Nie byłam w stanie uwierzyć w to, że Riley w ogóle chciała mieć jeszcze ze mną do czynienia. Co chwila powtarzałam sobie w myślach, że jestem najgorszą przyjaciółką na świecie. A może wcale a wcale nie zasłużyłam na miano przyjaciółki? Dopadło mnie jeszcze większe zdziwienie, gdy panna Black mnie przytuliła. Mimo wszystko odwzajemniłam uścisk, a po moich policzkach zaczęły spływać gorące łzy, które musiałam wycierać. Słysząc słowa brunetki zachichotałam smutno.

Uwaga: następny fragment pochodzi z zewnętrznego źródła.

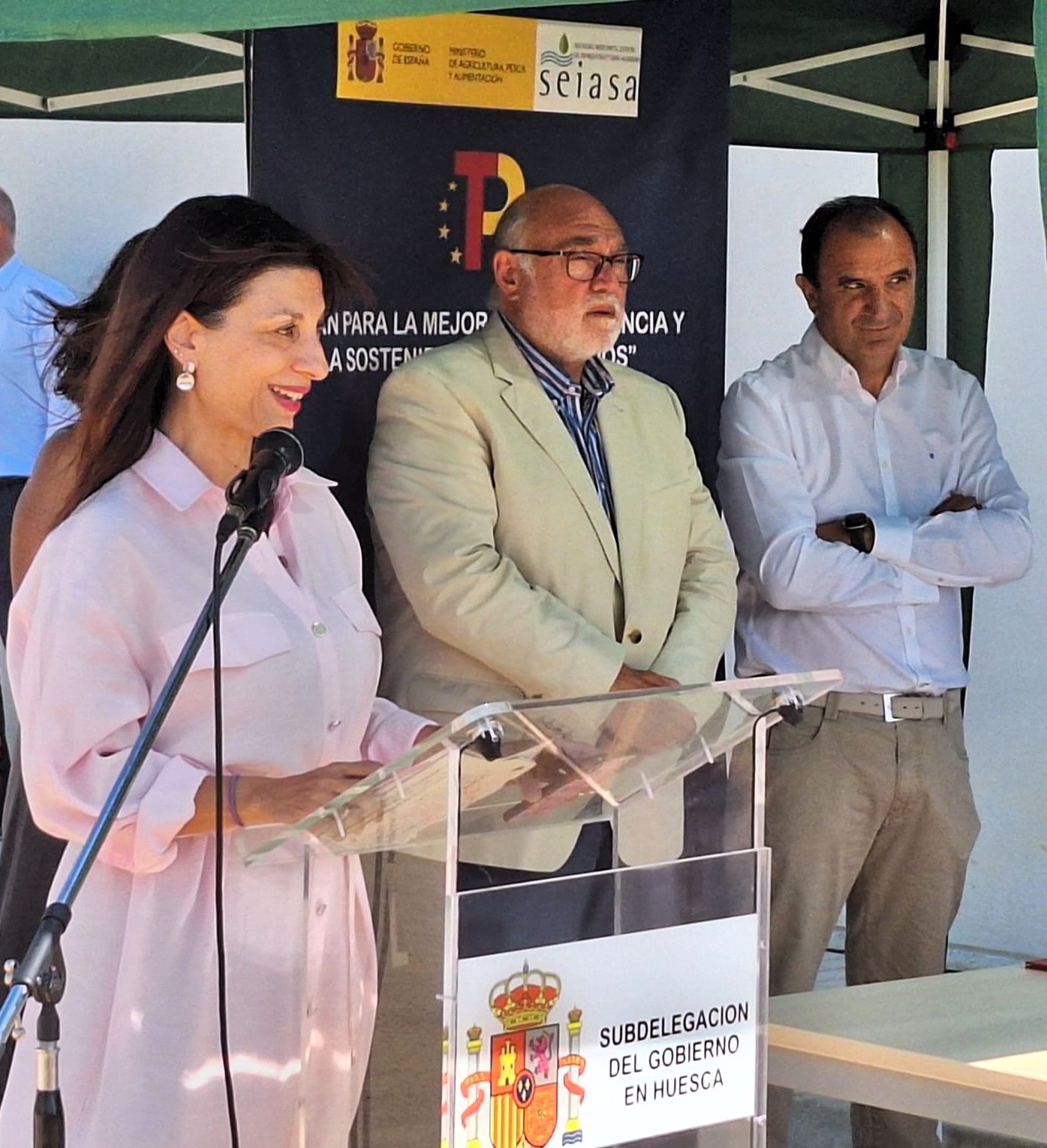 El acto ha estado presidido por la directora general de Desarrollo Rural, Innovación y Formación Agroalimentaria, Isabel Bombal, y el presidente de la comunidad de regantes Molinar del Flumen, José Ángel Lample. También ha contado con la presencia del presidente de la Sociedad Estatal de Infraestructuras Agrarias (Seiasa), Francisco Rodríguez.
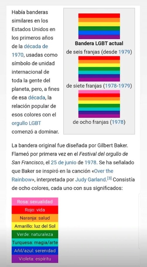 “La bandera original fue diseñada por Gilbert Baker. Flameó por primera vez en el festival del orgullo gay en San Francisco, el 25 de junio de 1978. Se ha señalado que Baker se inspiró en la canción "Over the Rainbow", interpretada por Judy Garland. Consistía de ocho colores, cada uno con sus significados: Rosa=Sexualidad, Rojo=Vida, Naranja=Salud, Amarillo=Luz del Sol, Verde=Naturaleza, Turquesa=Magia y Arte, Azul=Serenidad y Violeta=Espíritu”, completó Guzmán.
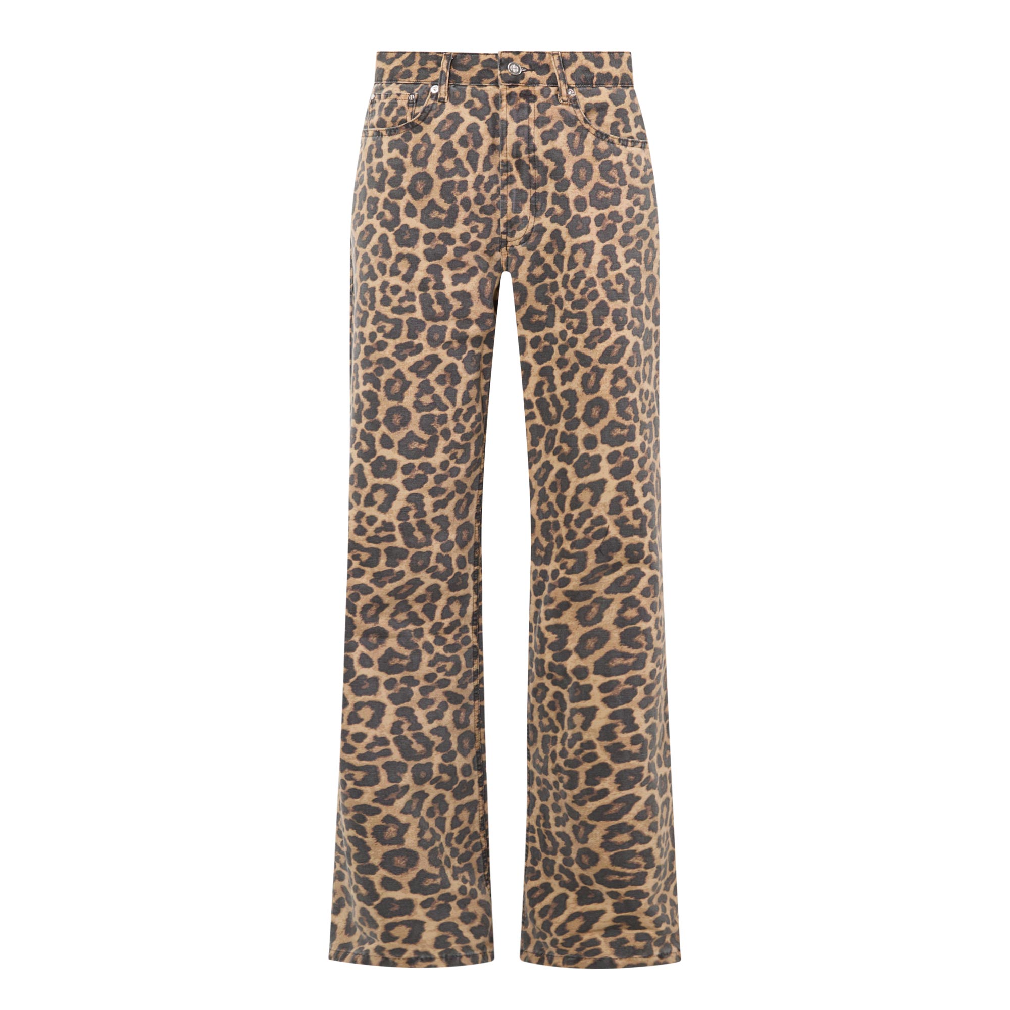 • Mid rise, straight leg, full length, belt loops, five-pocket styling, clean hems, logo badge, leopard print pattern
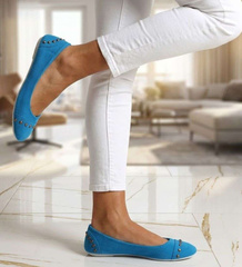 Materiałowe niebieskie baleriny jak tenisówki /D7-1 14388 T046/
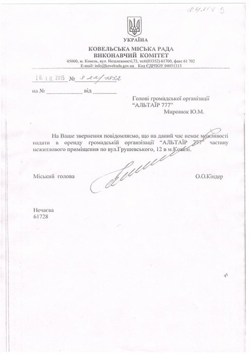 Ковельський мер Олег Кіндер відмовляє громадські організації «Альтаїр777» у наданні в оренду приміщення:
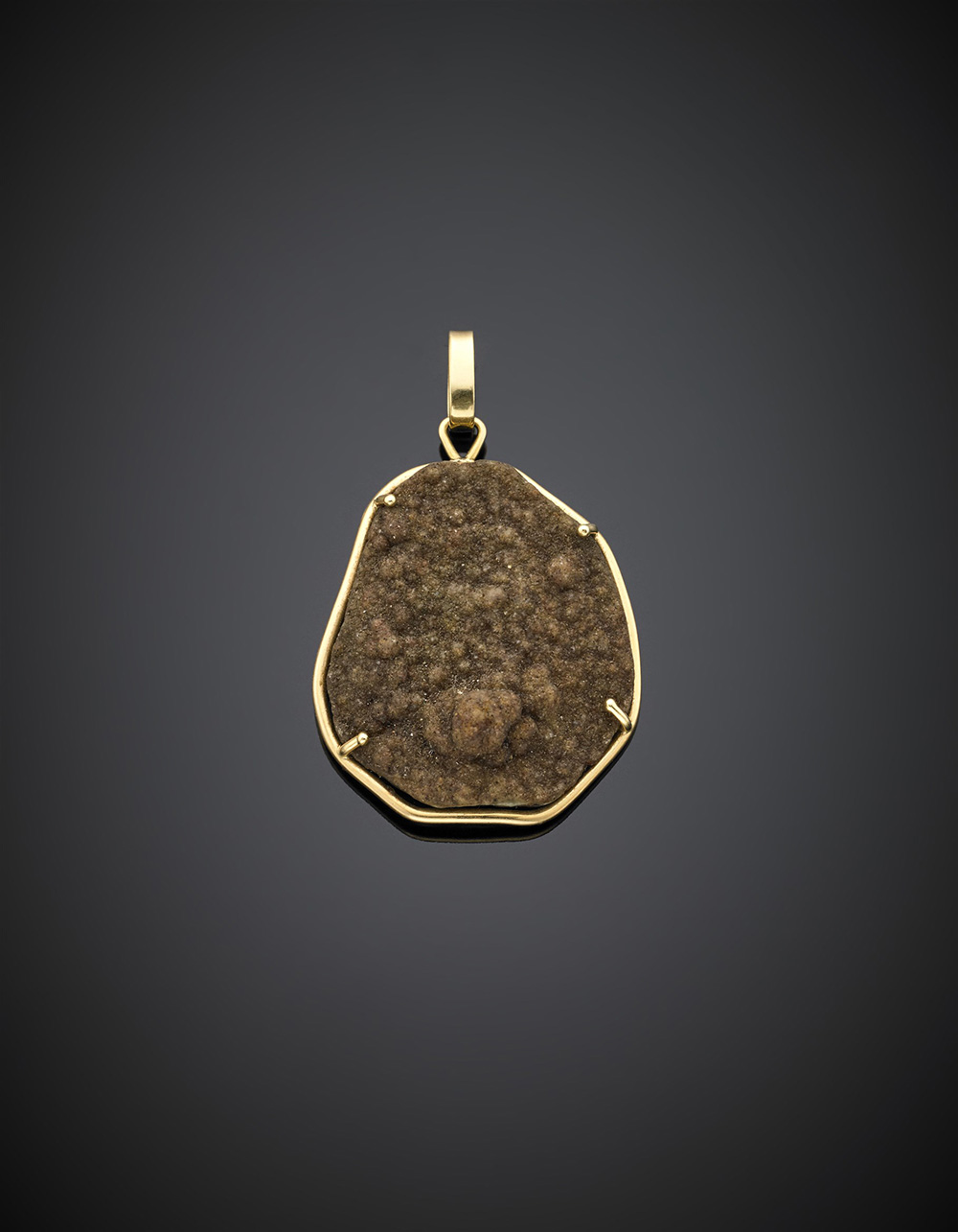 Pendente in oro giallo con quarzo microcristallino fumè, g 5,33, lungh. cm 3,80 circa.

- Póki co, to jestem ci winna wyjaśnienia... - odezwałam się, powoli odsuwając się od Riley. - Możesz iść po popcorn czy coś, bo podejrzewam że to będzie jak z hollywoodzkiego filmu. Powiem to w skrócie, bo nie umiem w szczegóły.
Usadowiłyśmy się na kanapie. Dziewczyna z powagą patrzyła prosto na mnie. Wzięłam głęboki wdech, zamykając przy tym oczy, po czym otworzyłam swoje zaryczane paczałki i zaczęłam opowiadać.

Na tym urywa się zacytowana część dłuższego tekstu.